George Mason, the Young Backwoodsman Or Don't Give Up the Ship

George Mason, the Young Backwoodsman Or Don't Give Up the Ship
Author :
Publisher :
Total Pages : 170
Release :
ISBN-10 : 1436507294
ISBN-13 : 9781436507295
Rating : 4/5 (94 Downloads)

Synopsis George Mason, the Young Backwoodsman Or Don't Give Up the Ship by : Timothy Flint

This scarce antiquarian book is a facsimile reprint of the original. Due to its age, it may contain imperfections such as marks, notations, marginalia and flawed pages. Because we believe this work is culturally important, we have made it available as part of our commitment for protecting, preserving, and promoting the world's literature in affordable, high quality, modern editions that are true to the original work.

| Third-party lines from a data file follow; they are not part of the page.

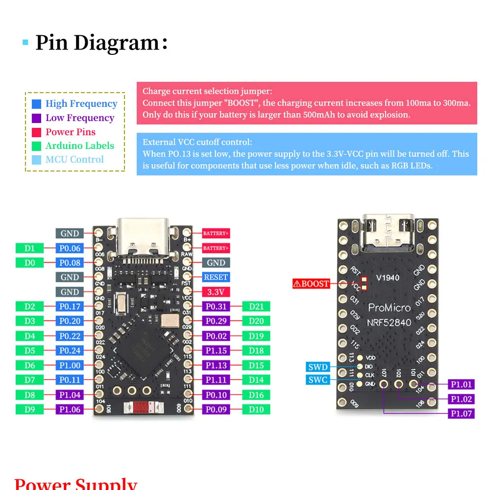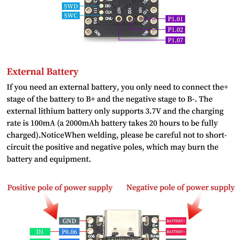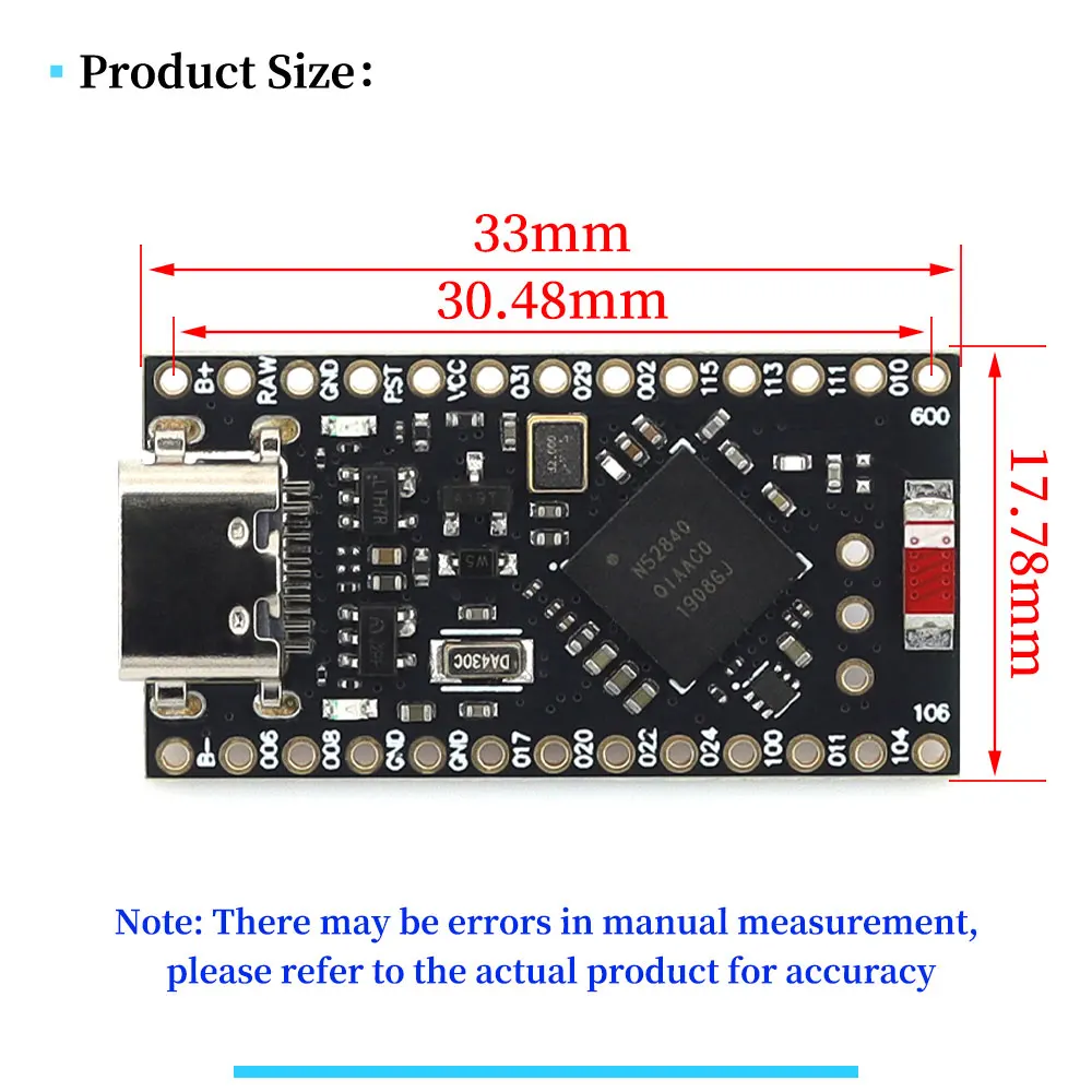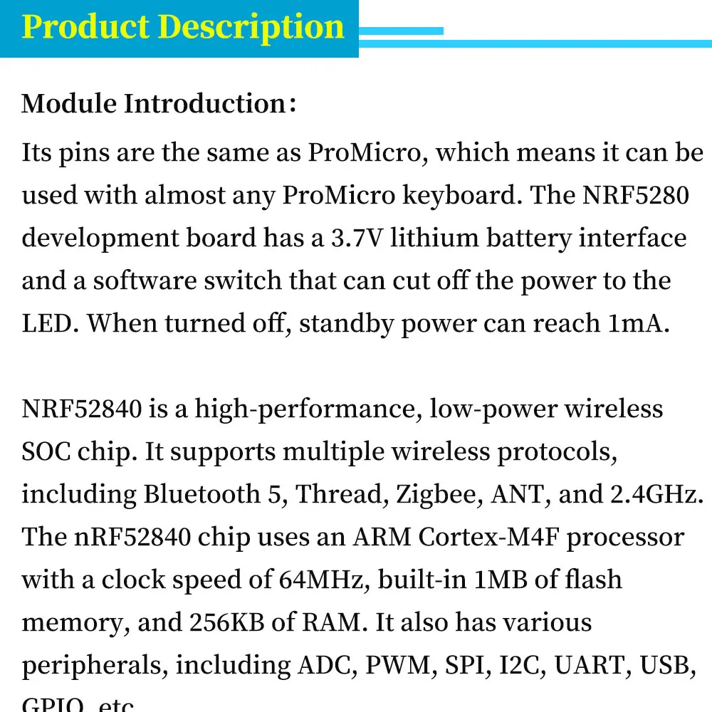 ¡SuperMini NRF52840 es una placa de desarrollo alternativa Pro Micro compatible con Nice!Nano.Sus pines son los mismos que ProMicro, lo que significa que se puede utilizar con casi cualquier teclado ProMicro.La placa de desarrollo NRF5280 tiene una interfaz de batería de litio de 3,7 V y un interruptor de software que puede cortar la alimentación del LED.Cuando está apagado, el consumo de energía en espera puede alcanzar 1 mA.
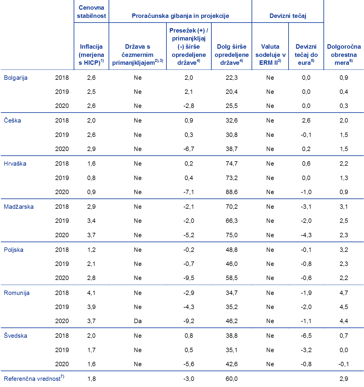 Referenčno obdobje v tem poročilu je od 1. aprila 2018 do 31. marca 2020. Vsi dvostranski devizni tečaji so uradni referenčni devizni tečaji ECB (glej poglavje 6 v angleški izdaji poročila).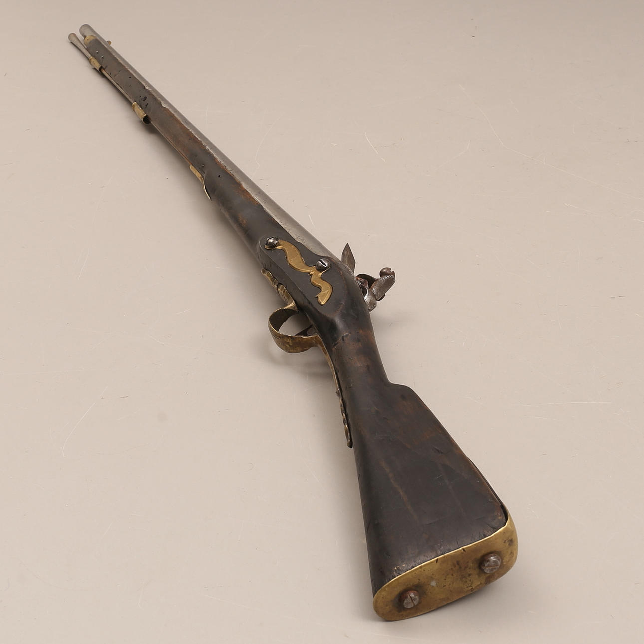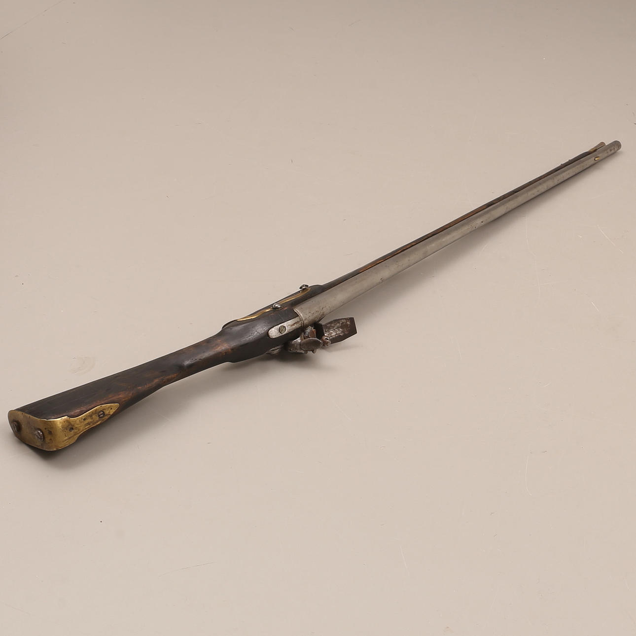 Caliber approx. 20 mm. Swedish flintlock musket, almost identical to m/1731 but composed of contemporary parts. Blackened piston, working lock.
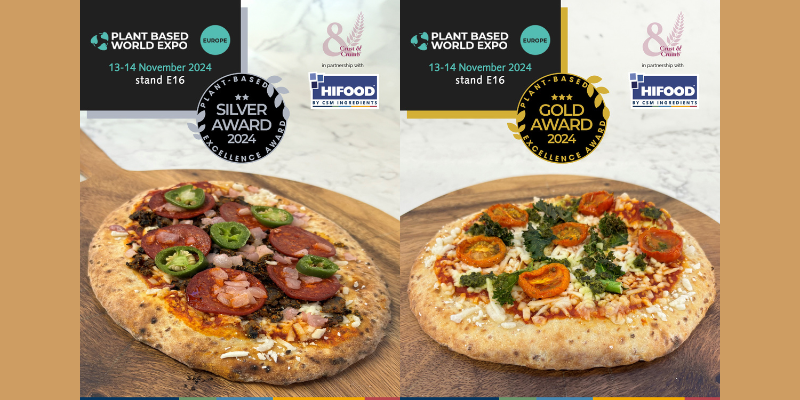 HIFOOD – company specialized in the research, development, and production of natural ingredients, and part of CSM Ingredients group – and Crust & Crumb Bakery – the largest manufacturer in Ireland of ambient, chilled, and frozen dough-based products – have won two Plant-Based Excellence Awards. The two companies received the awards for their joint submission of plant-based, wood-fired pizza concepts enriched with PROTEIOS, HIFOOD’s Textured Vegetable Proteins, as follows:

The History of George Mason

The History of George Mason
Author :
Publisher :
Total Pages : 68
Release :
ISBN-10 : BL:A0021349297
ISBN-13 :
Rating : 4/5 (97 Downloads)

Synopsis The History of George Mason by : George Mason

Main Currents in American Thought

Main Currents in American Thought
Author :
Publisher :
Total Pages : 532
Release :
ISBN-10 : UOM:39015005113884
ISBN-13 :
Rating : 4/5 (84 Downloads)

Synopsis Main Currents in American Thought by : Vernon Louis Parrington

London and the Making of Provincial Literature

London and the Making of Provincial Literature
Author :
Publisher : University of Pennsylvania Press
Total Pages : 295
Release :
ISBN-10 : 9780812291629
ISBN-13 : 081229162X
Rating : 4/5 (29 Downloads)

Synopsis London and the Making of Provincial Literature by : Joseph Rezek

In the early nineteenth century, London publishers dominated the transatlantic book trade. No one felt this more keenly than authors from Ireland, Scotland, and the United States who struggled to establish their own national literary traditions while publishing in the English metropolis. Authors such as Maria Edgeworth, Sydney Owenson, Walter Scott, Washington Irving, and James Fenimore Cooper devised a range of strategies to transcend the national rivalries of the literary field. By writing prefaces and footnotes addressed to a foreign audience, revising texts specifically for London markets, and celebrating national particularity, provincial authors appealed to English readers with idealistic stories of cross-cultural communion. From within the messy and uneven marketplace for books, Joseph Rezek argues, provincial authors sought to exalt and purify literary exchange. In so doing, they helped shape the Romantic-era belief that literature inhabits an autonomous sphere in society. London and the Making of Provincial Literature tells an ambitious story about the mutual entanglement of the history of books and the history of aesthetics in the first three decades of the nineteenth century. Situated between local literary scenes and a distant cultural capital, enterprising provincial authors and publishers worked to maximize success in London and to burnish their reputations and build their industry at home. Examining the production of books and the circulation of material texts between London and the provincial centers of Dublin, Edinburgh, and Philadelphia, Rezek claims that the publishing vortex of London inspired a dynamic array of economic and aesthetic practices that shaped an era in literary history.